2.1.5    Strategi Kepemimpinan Visioner
Frank Martinelly (2007) menguraikan startegi bagaimana seharusnya menjadi pemimpin yang visioner. Menurutnya ada 5 langkah yang semstinya dilakukan:

1.  Fokus kepada Tujuan Organisasi

Seluruh tindakan dan pengambilan keputusan harus di arahkan kepada semata-mata upaya pencapaian tujuan final dari organisasi. Hal ini dilakukan guna menghindari segala kecenderungan dan ‘godaan’ penyitaan energi dan pemborosan sumber daya kepada hal-hal kecil dan tidak prinsip yang mungkin timbul. Untuk menjaga agar semua rencana aksi focus kepada tujuan organisasi, memerlukan kekompakkan dan pemeliharaan hubungan antara pimpinan dan seluruh staff/karyawan.

2.  Membuat Rencana Jangka Panjang

Permusan jangka panjang akan menuntun kepada langkah yang jelas sampai 5-10 tahun ke depan, siapa-siapa saja yang akan memimpin dan bertanggung jawab dalam pencapaian tujuan tersebut, kompetensi kepemimpinan yang bagaimana yang diperlukan, lalu bagimana disain pengembangan kepemimpinannya?. Untuk dapat menjawab pertanyaan-pertanyaan ini perlu membentuk semacam komite yang ditugaskan untuk menyiapkan langkah-langkah strategis pencapaian tujuan jangka panjang, yang lingkup tugasnya antara lain: melakukan rekrutmen, seleksi, orientasi, pelatihan, performance assessment dan penetapan tugas dan tanggung jawab masing-masing.
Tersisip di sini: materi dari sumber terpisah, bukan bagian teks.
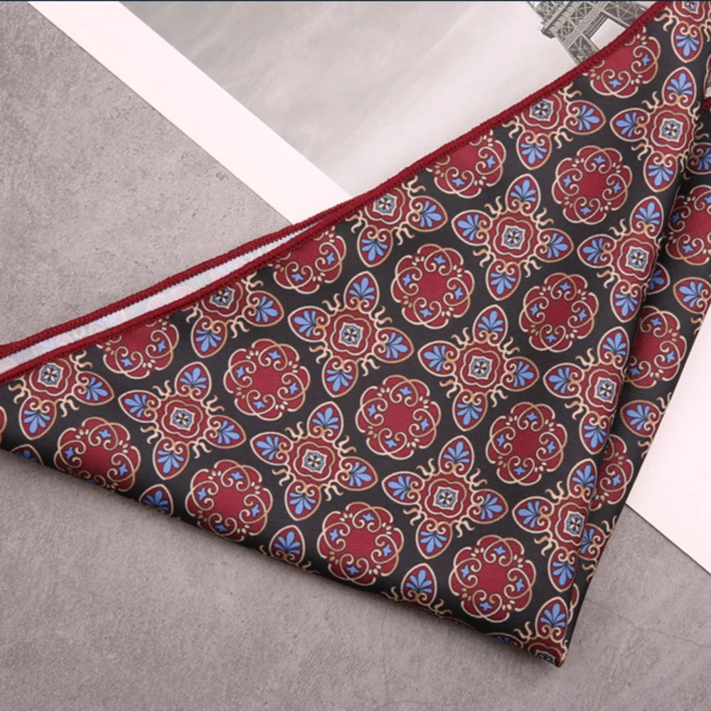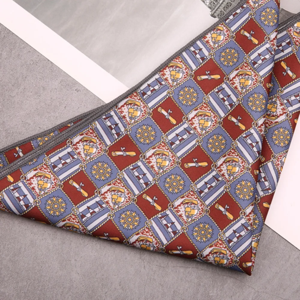 Costume de poche carré pour hommes, Style de rue Hongkang, serviette de poitrine décontractée, mouchoir imprimé marron, accessoires de costume d'affaires formel

3.  Mengembangkan Visi bagi masa depan organisasi.

Kunci perumusan visi adalah menjawab pertanyaan: apabila kita menginginkan dan bermimpi akan seperti dan menjadi apa organisasi kita kelak di kemudian hari?. Begitu rumusan visi telah dibuat, maka seharusnya visi tersebut akan menjadi inspirasi bagi seluruh aktivitas organisasi, baik dalam rapat-rapat, dalam perbincangan, dalam menghadapi segala tantangan dan peluang, dalam arena kerja. Begitu visi telah dirumuskan, maka saat itu pula, visi disampaikan ke seluruh pihak terkait di dalam organisasi, bahkan ke ruang-ruang public di luar organisasi.

4.  Selalu berada dalam kondisi siap dan dinamis untuk perubahan.
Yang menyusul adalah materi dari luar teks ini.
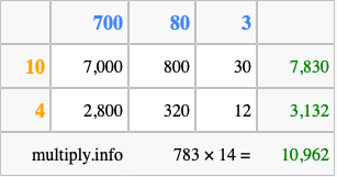 Finally, we add up all the sums we found in step 3 to get our final answer to 783 times 14.

Selalu siap berubah dengan cepat akan terbantu dengan menyajikan informasi-informasi mutakhir tentang segala perubahan yang terjadi di luar organisasi yang berpotensi berdampak kepada organisasi 3-5 tahun ke depan. Dorong dan fasilitasi anggota orgasnisasi untuk membaca, mendengar dan mencari tahu segala hal yang terkait dengan kejadian-kejadian dan berita yang relevan dengan tuntutan perubahan. Kemudian setelah itu munculkan pertanyaan yang menantang: sejauhmana organisasi mampu secara efektif merespon perubahan dan kecenderungan-kecenderungan tersebut? Bagaimana pula organisasi lain yang sejenis menyiapkan diri mereka menghadapi perubahan-perubahan ini? Pertanyaan-pertanyaan iti seyogyanya akan dapat memicu dan memacu anggota organisasi untuk berfikir dan memposisikan diri mereka untuk siap berubah.
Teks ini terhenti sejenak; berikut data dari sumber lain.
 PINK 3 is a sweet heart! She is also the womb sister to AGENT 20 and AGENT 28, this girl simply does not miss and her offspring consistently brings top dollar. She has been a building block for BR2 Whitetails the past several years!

5.  Selalu mengetahui perubahan kebutuhan konstituen/pelanggan

Keinginan dan kebutuhan pelanggan seringkali mengalami perubahan. Oleh karena itu, seharusnya organisasi menyediakan informasi-infromasi aktual yang terkait dengan hal ini. Survey kepuasan pelanggan, kontak langsung dengan pelanggan, mengefektifkan layanan ’customer care’, adalah beberapa cara yang dapat dilakukan agar orgnisasi selalu mengetahui harapan dan keinginan pelanggan yang baru. Dengan demikian organisasi akan selalu siap untuk melakukan perubahan dan perbaikan untuk menjaga kepuasan pelanggan.

Sementara itu, Robert Starrat (1995) menekankan pentingnya melakukan pelembagaan visi dengan cara selalu mengkaitkannya dala setiap pengambilan keputusan, perumusan kebijakan, penyusunan prosedur pelaksanaan program, langkah-langkah evaluasi. Bahkan menurutnya, sampai pada isi kurikulum (dalam lembaga pendidikan), penganggaran (budgeting) seharusnya juga mencantumkan visi dalam dokumen-dokumen yang terkaitnya. Menurutnya, kalau hal ini tidak dilakukan, visi yang telah dicanangkan secara perlahan akan kehilangan kredibilitasnya.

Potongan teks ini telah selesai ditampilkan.